Quizá la forma de un o unos picos, semejantes a las astas de un toro, de unos valles o laderas montañosas, que evocaran a una gran vagina,  de unos estanques de aguas mansas y profundas, en las que pueblos como los sumerios veían una gran matriz que, al romper aguas, alumbró al mundo, fueron los indicios que permitieron que esos lugares se cargaran de “sacralidad” y se convirtieran en lugares que no podrían hollarse impunemente. Se tenía la sensación que algo decisivo había estado en juego en esos espacios, quizá la creación del mundo, de los dioses o de los hombres.  Lugares a los que, pues, era necesario rendir el debido culto, tomando todas las precauciones, lugares a los que se acudía para recobrar la fe, es decir, la confianza en la vida; lugares en los que la vida de los fieles se transfiguraba porque eran, quizá, lugares donde los humanos habían visto la luz por vez primera.

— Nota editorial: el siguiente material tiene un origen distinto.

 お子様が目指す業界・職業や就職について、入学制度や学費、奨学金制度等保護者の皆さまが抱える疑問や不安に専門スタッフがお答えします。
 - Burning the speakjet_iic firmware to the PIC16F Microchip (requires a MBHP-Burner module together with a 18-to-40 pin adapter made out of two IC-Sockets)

 Hoy en día, los espacios sagrados siguen estando presentes y vigentes. Su número y tipo ha aumentado incluso. A los santuarios más comunes e inmemoriales, en los que el humano se siente renacer, se suman hoy museos y estadios; quizá centros comerciales, a los que se rinde culto al consumo: espacios perfectamente acotados en los que la multitud comulga con sus astros y dioses, del espectáculo, el arte y el deporte. Hoy, más que nunca, lo sagrado se infiltra en un mundo que, paradójicamente, caracterizamos como profano y descreído.



RECUADRO 1:

¿Por qué los hombres de las cavernas se adentraron en los hondo de las grutas para pintar animales (toros y caballos, principalmente) y manos?

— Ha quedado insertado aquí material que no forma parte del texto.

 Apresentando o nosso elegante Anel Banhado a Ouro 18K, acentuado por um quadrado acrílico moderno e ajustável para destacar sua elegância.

Ahora ya se sabe que las cavernas no fueron hogares. Las pinturas parietales se hallan, casi siempre, en las partes más recónditas, muy lejos del acceso, incluso en zonas casi invisibles y en las que no cabía un adulto. Los hombres de la prehistoria vivían en cabañas en los valles o, en todo caso, en la entrada de las cavernas de mayor boca, allí dónde había aire y luz (huesos, restos de alimentos y sílex así lo confirman). No es fácil llegar hasta las todas cuevas pintadas. No podían constituir espacios comúnmente habitados. Su ubicación dificultaba su ocupación, y los primeros grupos humanos eran pocos y estaban demasiado dispersos para enemistarse.

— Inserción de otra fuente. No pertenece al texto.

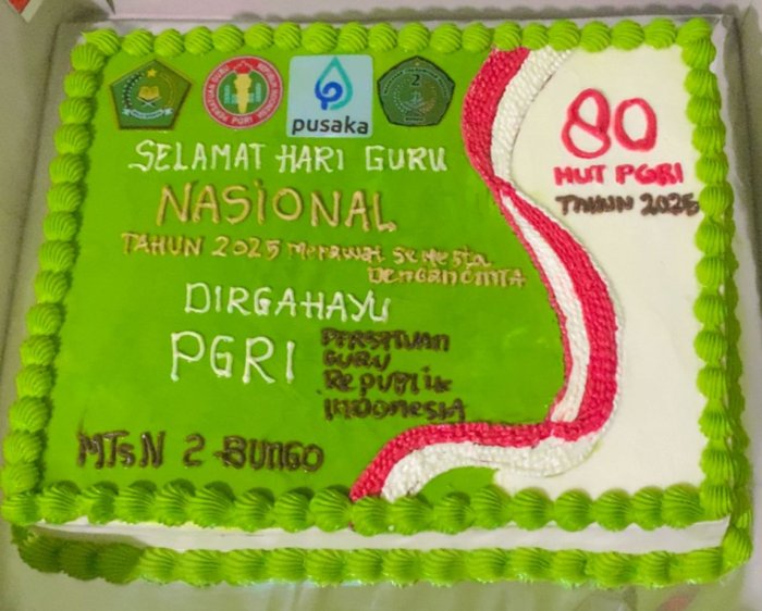 Kue peringatan tersebut dipersiapkan oleh seluruh guru sebagai simbol rasa syukur, kekompakan, serta penghargaan atas dedikasi para pendidik dalam mencerdaskan generasi bangsa. Dalam prosesi pemotongan kue, Kepala Madrasah didampingi oleh Kepala Urusan Tata Usaha MTsN 2 Bungo serta beberapa guru senior, yang menambah hangat suasana perayaan.
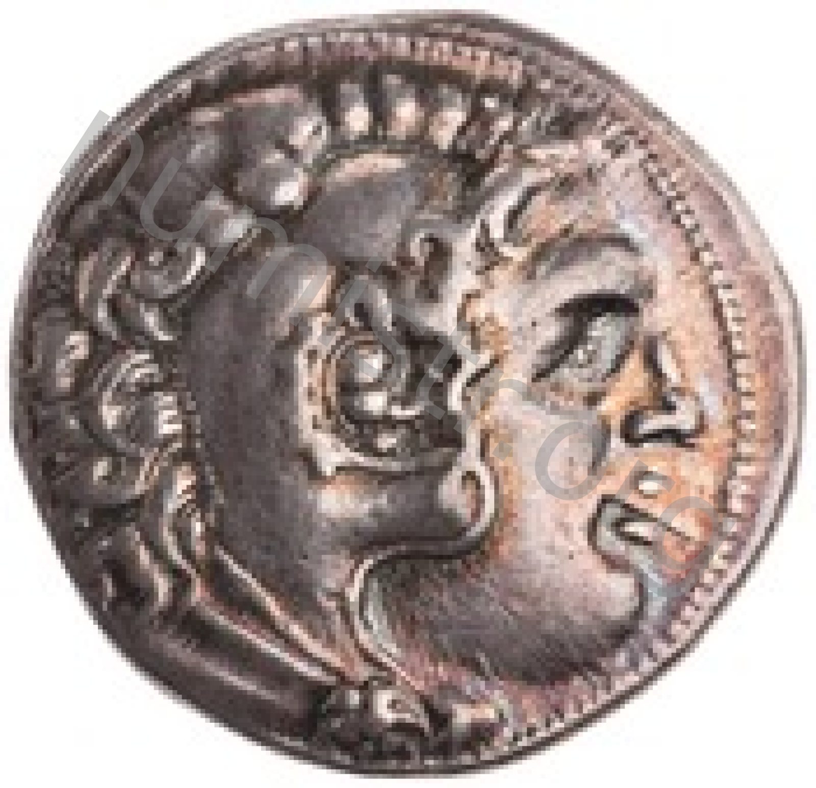 Head of beardless Heracles right wearing lion skin headdress -[en]
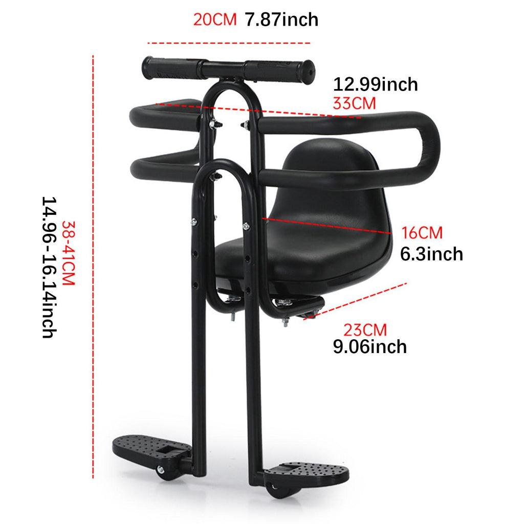 【Quality material】: Crafted from quality carbon steel, this child bike front saddle is sturdy and wear resistant, making it suitable for long term repeated use

Es por ese motivo, por lo que la razón de ser de las cuevas no es funcional. No son hogares, espacios profanos. Eran, posiblemente, espacios sagrados. ¿En qué o quién creían? No se sabe. ¿Qué ritos practicaban? Tampoco. Pero lo que sí es probable es que las cuevas fueran lugares de reunión, ocupados periódica y temporalmente, en días “de fiesta”. Las cavernas suelen estar en puestos elevados. Desde la boca se divisa el paisaje, se controla el paso de las manadas, se vislumbra una ancha franja del mundo, se está  más próximo a lo más alto. Se requiere una cierta preparación para emprender el camino hacia la cueva. ¿Evocarían las profundidades, húmedas y oscuras, el vientre de algún ente sobrenatural? Tampoco se sabe a fe cierta. Pero lo que sí es obvio es que quienes pintaron las paredes de las cuevas se enfrentaron a sus temores y a toda clase de dificultades: falta de luz, espacios angostos, frío y humedad. Los frescos no eran visibles; a la luz de las antorchas solo se divisaban algunas formas que danzaban a la incierta luz y entre el humo. Las figuras, entonces, debían parecer efigies de otro mundo, quizás emanadas de la roca.  ¿Por qué se pintaban, si su contemplación era casi imposible? Es posible que señalaran lugares en los que los humanos practicaban ritos de paso; es decir, lugares en los que tenían lugar transformaciones que afectaban –y pautaban- la vida de los jóvenes.
Las cuevas, entonces, eran espacios donde los humanos se enfrentaban a seres cuya faz se inscribía en la roca. Tras el encuentro, empezaba una nueva vida, o una vida renovada. Las cuevas prehistóricas quizá constituyan los primeros espacios sagrados. Responden a –o determinan- todas las características de los lugares de culto. Espacios fuera del control de los humanos en los que los hombres se juegan la vida.



RECUADRO 2:
Acteón era  un joven héroe griego, nieto del dios Apolo, educado por el centauro Quirón que vivía en una cueva en medio de un bosque. Por ese motivo, estaba acostumbrado a los espacios indómitos. Era un excelente cazador que, un día, se adentró con sus perros de caza en la tupida selva, persiguiendo a un ciervo herido que se le escapaba.  Tan encarnizada era la persecución y tan intrincado el bosque que Acteón, lejos ya de la ciudad, no se dio cuenta que el bosque se abría de pronto y que los árboles rodeaban un claro, en cuyo centro destacaba un lago de quietas y cristalinas aguas: un claro de luz. Acompañada por las ninfas, la diosa Diana (la cazadora) se bañaba. Acteón quedó deslumbrado. Ningún humano había podido contemplar el cuerpo desnudo de la diosa. Sorprendida, Diana se enfureció. Metamorfoseó a Acteón en un ciervo sobre el que su propia jauría, cegada por Diana, se precipitó hasta despellejarlo.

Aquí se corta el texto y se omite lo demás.